Compressor (Paid, from Apple)
Apple's Compressor app is designed for professional workflows and integrates with Final Cut Pro. It supports custom output destinations, batch processing, and advanced codec settings. It's worth considering if you're regularly compressing large volumes of video or working in a professional media environment.

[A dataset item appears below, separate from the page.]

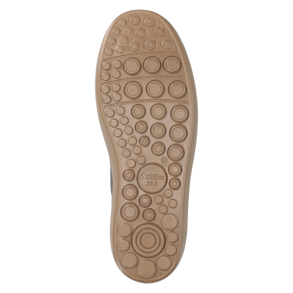 履き口まわりにはウレタンを配し、やわらかく足を包み込みます。一度紐を調整すれば、サイドファスナーで脱ぎ履きもスムーズ。ファスナーの楕円形の引き手やコンビカラーの配色がクラフト感を引き立て、足元を軽やかに演出します。

Key Variables That Determine Your Results
The right method and settings depend on several factors that vary from user to user:
| Variable | Why It Matters |
|---|---|
| Original file format and codec | Some formats compress more efficiently than others |
| Target platform or use case | YouTube, email, archive, and streaming all have different sweet spots |
| Mac hardware (Apple Silicon vs Intel) | Apple Silicon Macs have a dedicated Media Engine that accelerates H.264 and HEVC encoding significantly |
| macOS version | Newer versions of macOS support more codecs and better hardware acceleration |
| Acceptable quality loss | Depends entirely on your audience and how the video will be watched |
| Output device compatibility | HEVC is smaller but not supported everywhere; H.264 is safer but larger |
How Codec Choice Changes Everything
The codec you export to has as much impact as resolution or bitrate settings:
- H.264 — the most compatible option; good compression, universally supported
- H.265 (HEVC) — roughly 40% smaller than H.264 at equivalent quality, but requires newer hardware to play smoothly and isn't supported on all platforms
- AV1 — even more efficient than HEVC, but encoding is slow and support is still growing
On Macs with Apple Silicon (M1 and later), HEVC encoding is hardware-accelerated, making it fast and practical. On older Intel Macs, HEVC encoding is done in software and can be significantly slower.

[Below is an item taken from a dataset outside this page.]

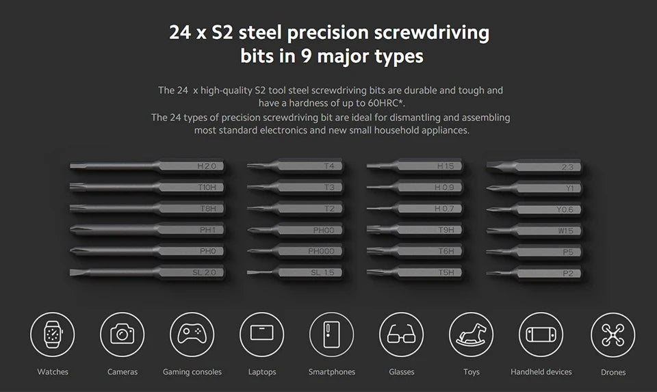- Versatile Bit Selection: 24 S2 steel bits (60HRC) in 9 types, including 6 extended 45mm bits.

What "Good Compression" Looks Like in Practice
There's no universal target file size for a "compressed video." Context determines everything:
- A 2-minute social media clip might need to be under 50MB with 1080p resolution maintained
- A 1-hour recorded meeting might be fine at 720p with aggressive compression
- A client deliverable might require 4K output with minimal quality loss regardless of file size
- An archived family video might prioritize quality over size since storage is the only constraint
The same source file could reasonably be compressed to anywhere from 20MB to 2GB depending on the use case — and both outputs could be "correct" for their respective purposes. 🎯
The Part That Only You Can Answer
Understanding compression methods, codecs, and tools gets you most of the way there. But the final decision — which tool, which codec, which quality setting — comes down to your specific video, your target file size, where that file needs to go, and what hardware you're working with. Those variables sit entirely on your side of the equation.